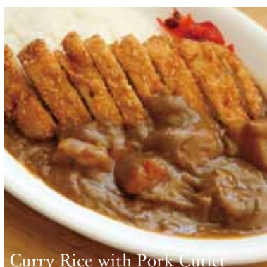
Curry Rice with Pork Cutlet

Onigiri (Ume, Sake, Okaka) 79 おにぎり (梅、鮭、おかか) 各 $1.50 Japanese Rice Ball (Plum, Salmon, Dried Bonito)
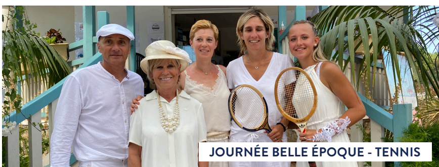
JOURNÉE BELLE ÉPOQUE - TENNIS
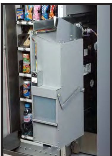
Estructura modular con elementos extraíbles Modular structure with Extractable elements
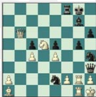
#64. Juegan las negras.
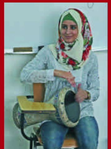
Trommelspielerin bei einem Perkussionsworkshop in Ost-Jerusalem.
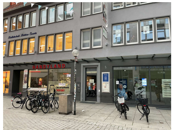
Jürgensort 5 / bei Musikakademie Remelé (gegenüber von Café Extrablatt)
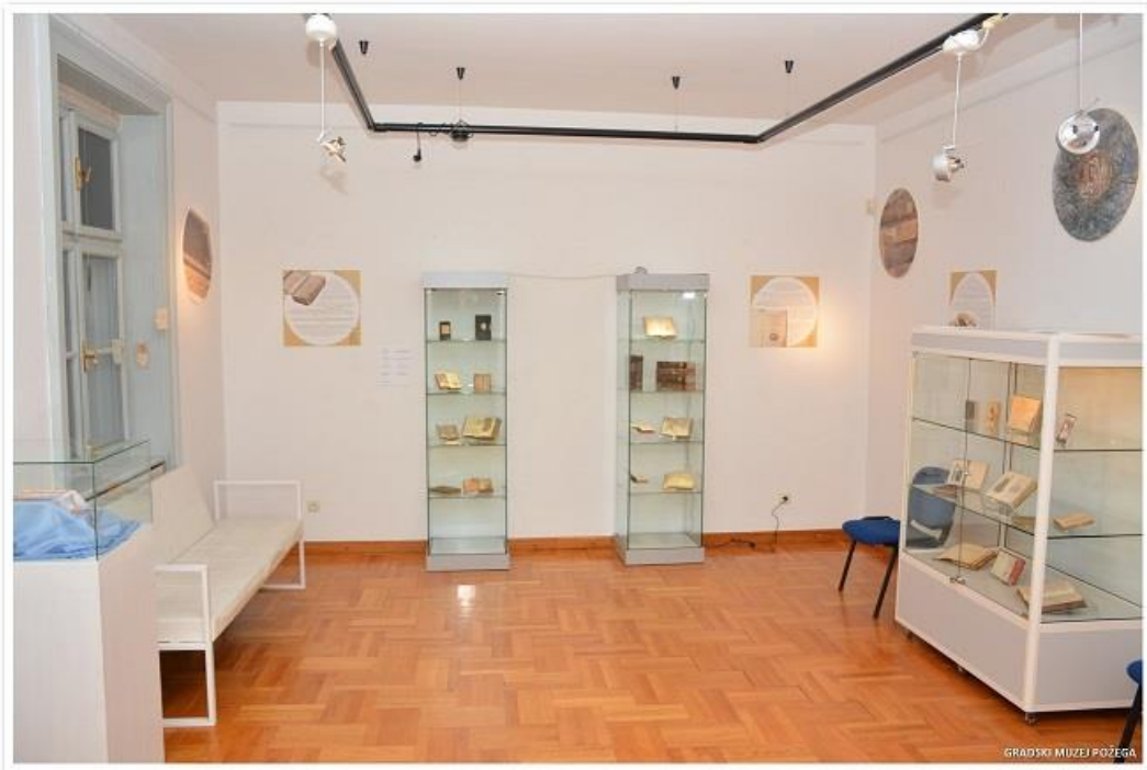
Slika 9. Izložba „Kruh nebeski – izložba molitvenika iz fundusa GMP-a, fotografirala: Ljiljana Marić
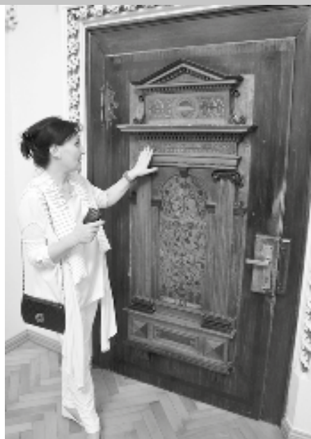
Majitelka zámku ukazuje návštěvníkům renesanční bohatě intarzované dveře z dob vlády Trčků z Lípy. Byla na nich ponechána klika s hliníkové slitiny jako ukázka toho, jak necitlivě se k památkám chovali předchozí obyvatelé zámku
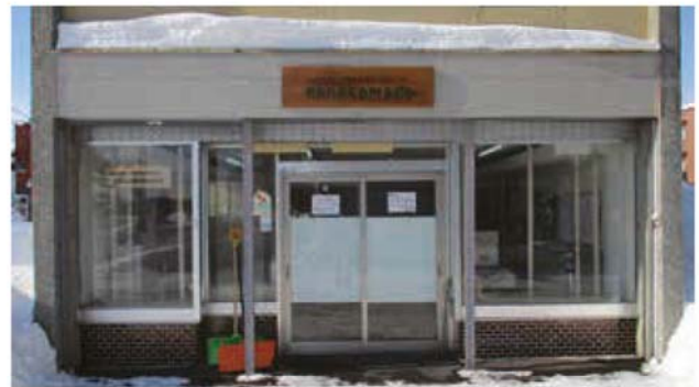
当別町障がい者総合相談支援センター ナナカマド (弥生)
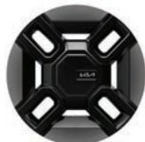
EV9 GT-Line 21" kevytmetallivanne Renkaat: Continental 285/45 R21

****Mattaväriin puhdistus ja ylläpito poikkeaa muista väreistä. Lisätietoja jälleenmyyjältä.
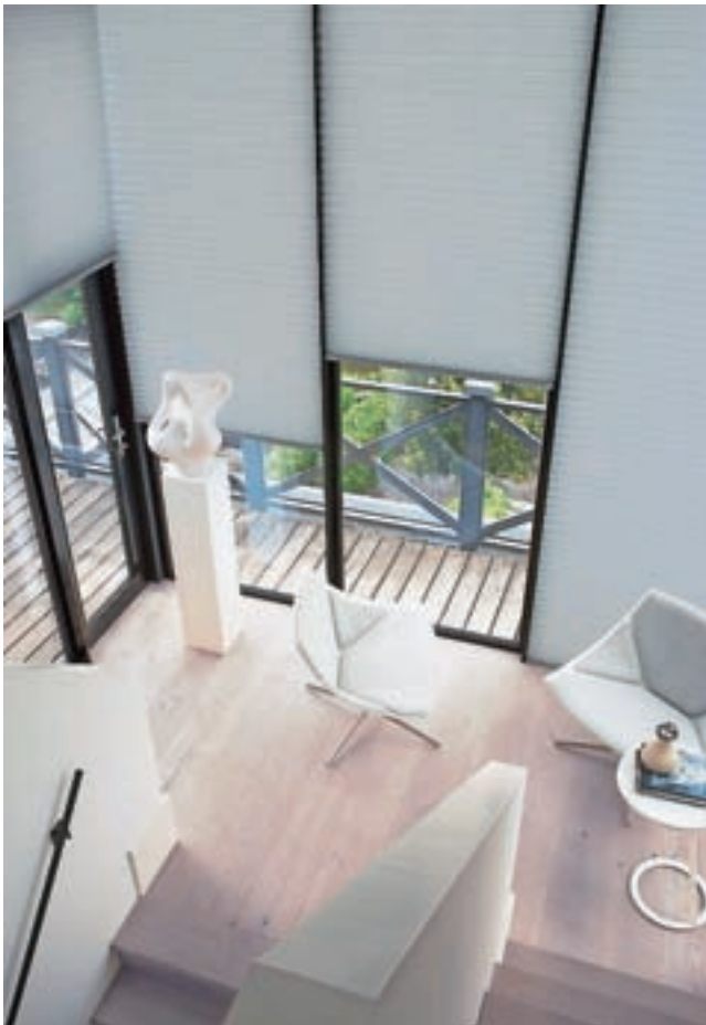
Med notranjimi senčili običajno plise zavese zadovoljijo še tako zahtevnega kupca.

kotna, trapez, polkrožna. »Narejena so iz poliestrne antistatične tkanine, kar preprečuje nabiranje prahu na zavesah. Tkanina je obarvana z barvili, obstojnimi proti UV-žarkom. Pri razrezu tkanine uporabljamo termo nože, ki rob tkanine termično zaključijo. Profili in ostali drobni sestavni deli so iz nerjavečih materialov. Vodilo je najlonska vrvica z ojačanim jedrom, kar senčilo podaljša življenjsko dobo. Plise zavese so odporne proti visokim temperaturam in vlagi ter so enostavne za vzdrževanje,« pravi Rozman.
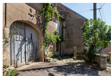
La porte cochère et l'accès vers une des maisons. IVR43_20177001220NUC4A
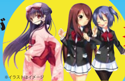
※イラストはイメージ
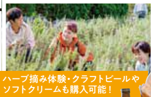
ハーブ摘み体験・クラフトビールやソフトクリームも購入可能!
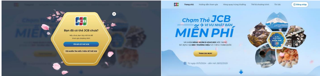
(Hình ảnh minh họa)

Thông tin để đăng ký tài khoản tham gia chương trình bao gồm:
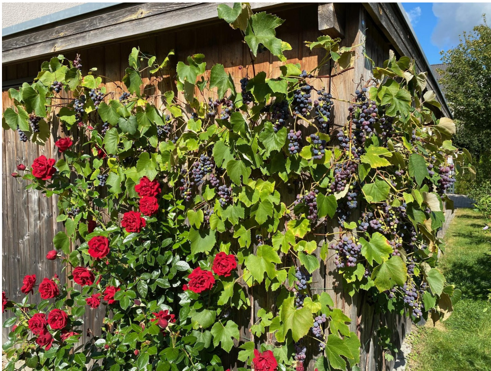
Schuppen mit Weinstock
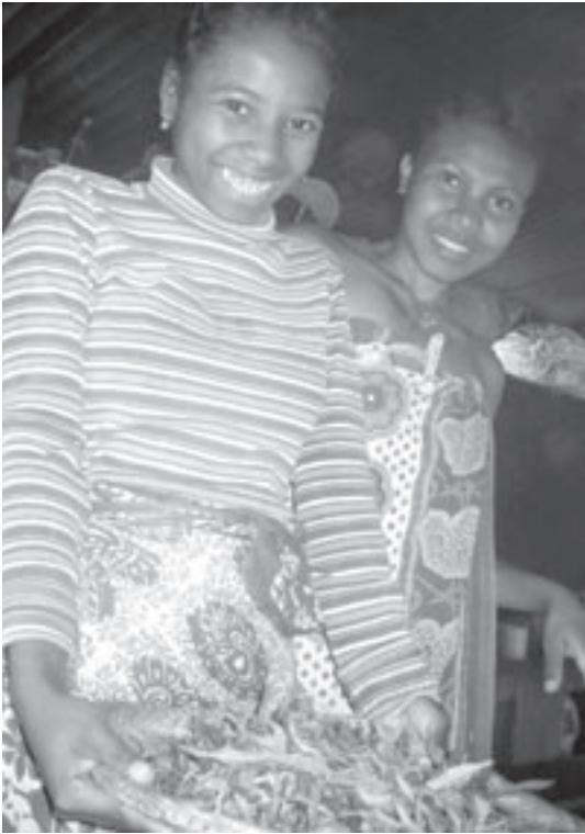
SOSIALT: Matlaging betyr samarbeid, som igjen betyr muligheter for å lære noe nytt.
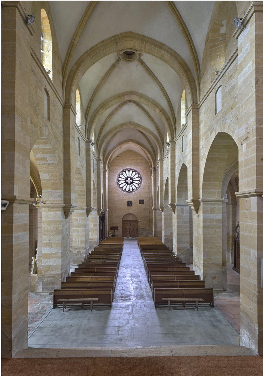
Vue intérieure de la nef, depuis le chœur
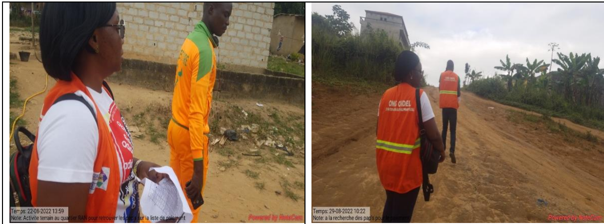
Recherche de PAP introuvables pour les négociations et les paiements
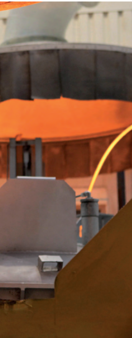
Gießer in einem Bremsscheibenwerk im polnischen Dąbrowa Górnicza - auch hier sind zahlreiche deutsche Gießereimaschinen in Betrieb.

#### Work to be completed:
Whenever the string "with" turns up in a line of the data, copy that line.

#### Expected answer:
Curry Rice with Pork Cutlet
Estructura modular con elementos extraíbles Modular structure with Extractable elements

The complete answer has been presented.